| EXERCISE INSTRUCTIONS |
Repeat every line of the data exactly, but not the pictures.

---------- RECORDED INFORMATION

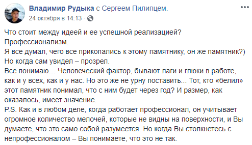 "Что стоит между идеей и ее успешной реализацией? Профессионализм. Я все думал, чего все прикопались к этому памятнику, он же памятник? Но когда сам увидел – прозрел. Все понимаю… Человеческий фактор, бывают лаги и глюки в работе, как и у всех, как и у нас. Но это же не урну поставить... Тот, кто "белил" этот памятник понимал, что с ним будет через год? И размер, как оказалось, имеет значение", - отметил Владимир Рудыка.
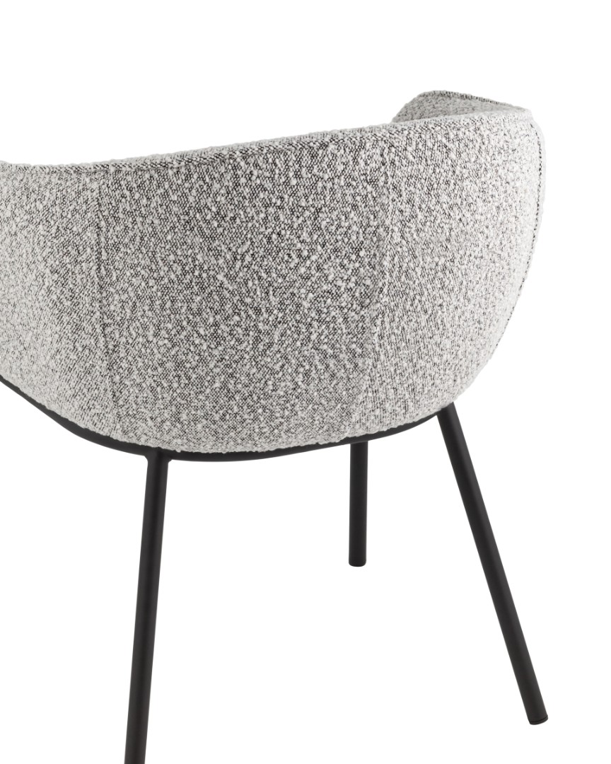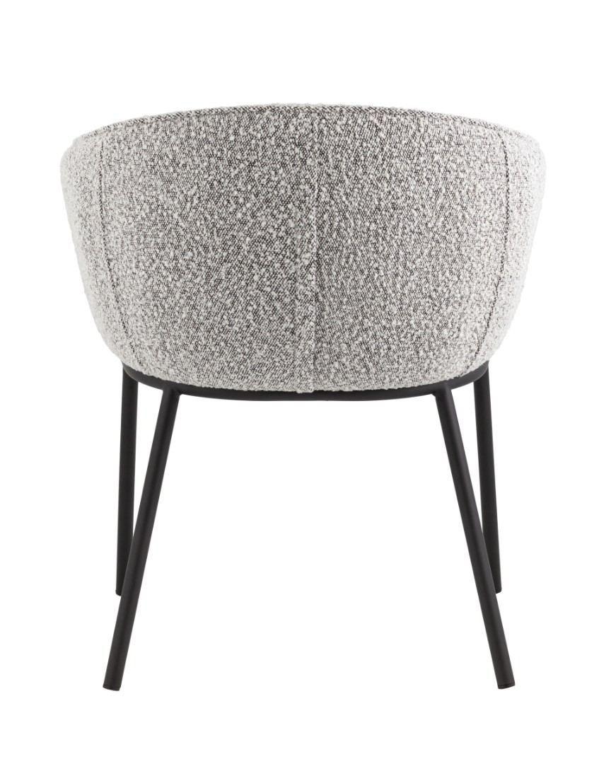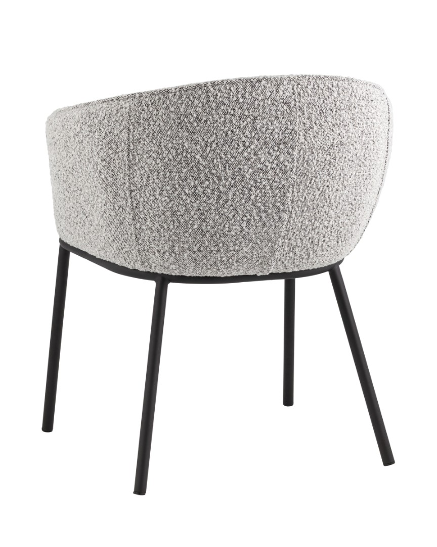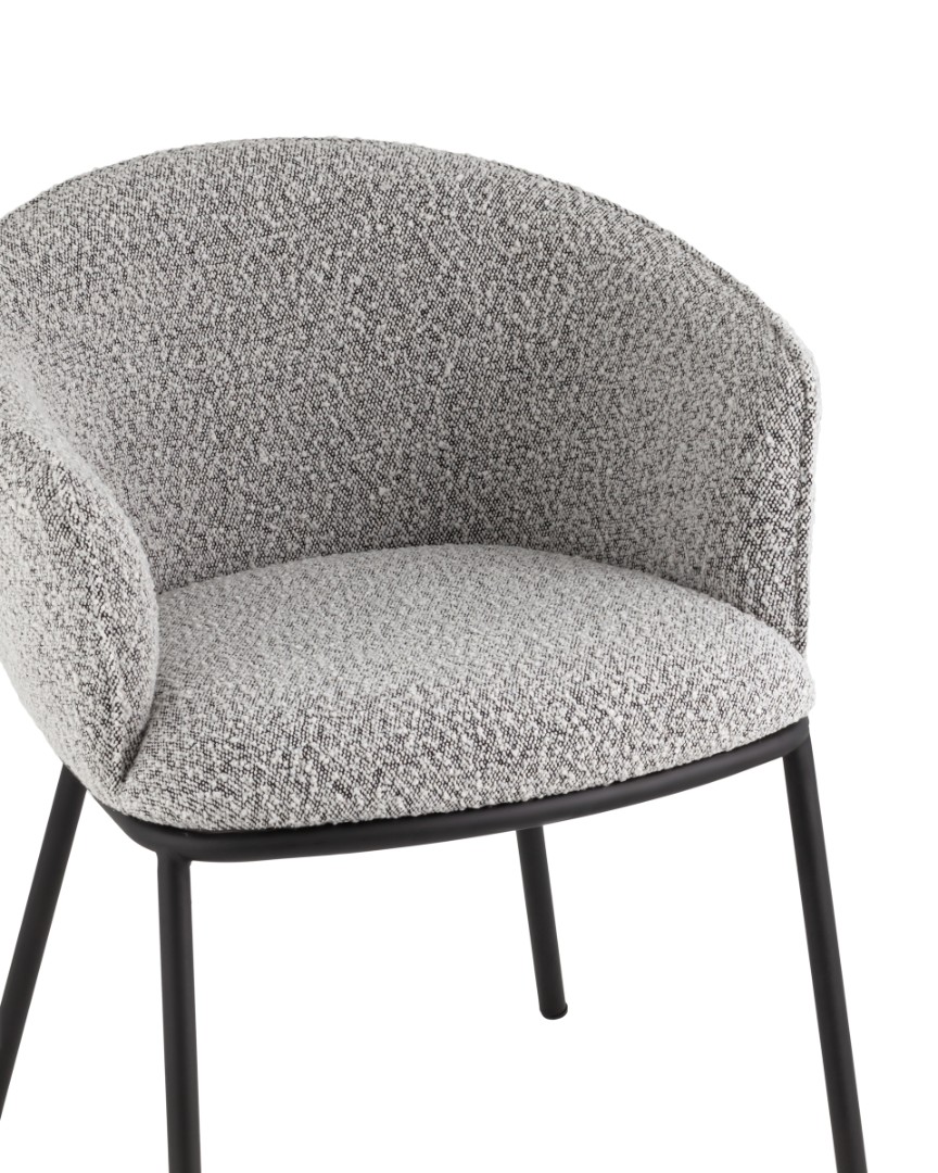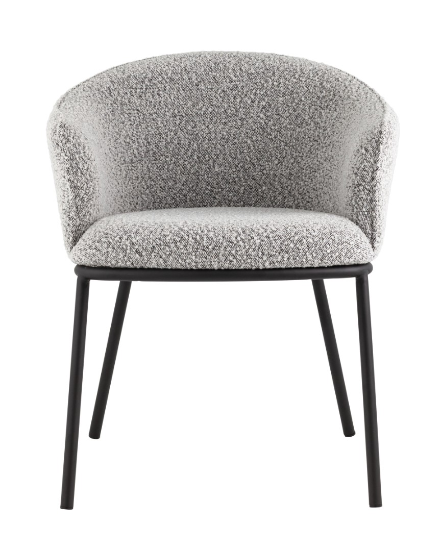 Запросить индивидуальное предложениеОбеденный стул Дон с мягкой полукруглой спинкой и сидением из ткани букле отлично впишется в обеденную зону любой современной кухни. Каркас металлический, ножки выполнены в черном цвете. Дополнительно предусмотрены специальные подпятники, которые предотвращают скольжение и повреждение напольного покрытия. Прекрасно сочетается с обеденным или письменным столом.
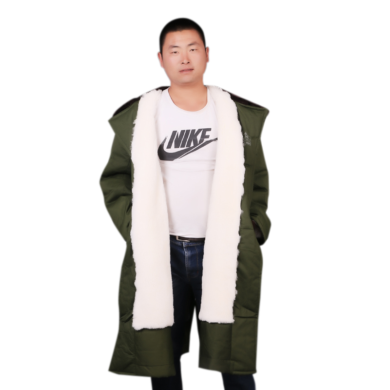 Sheep Leather Army Cotton Coat Men's Leather Wool Integrated Winter Long Version of Anti-cold Northeast old-style Raubao thickened warm cotton coat

--------------------

| ANSWER |
 "Что стоит между идеей и ее успешной реализацией? Профессионализм. Я все думал, чего все прикопались к этому памятнику, он же памятник? Но когда сам увидел – прозрел. Все понимаю… Человеческий фактор, бывают лаги и глюки в работе, как и у всех, как и у нас. Но это же не урну поставить... Тот, кто "белил" этот памятник понимал, что с ним будет через год? И размер, как оказалось, имеет значение", - отметил Владимир Рудыка.
 Запросить индивидуальное предложениеОбеденный стул Дон с мягкой полукруглой спинкой и сидением из ткани букле отлично впишется в обеденную зону любой современной кухни. Каркас металлический, ножки выполнены в черном цвете. Дополнительно предусмотрены специальные подпятники, которые предотвращают скольжение и повреждение напольного покрытия. Прекрасно сочетается с обеденным или письменным столом.
 Sheep Leather Army Cotton Coat Men's Leather Wool Integrated Winter Long Version of Anti-cold Northeast old-style Raubao thickened warm cotton coat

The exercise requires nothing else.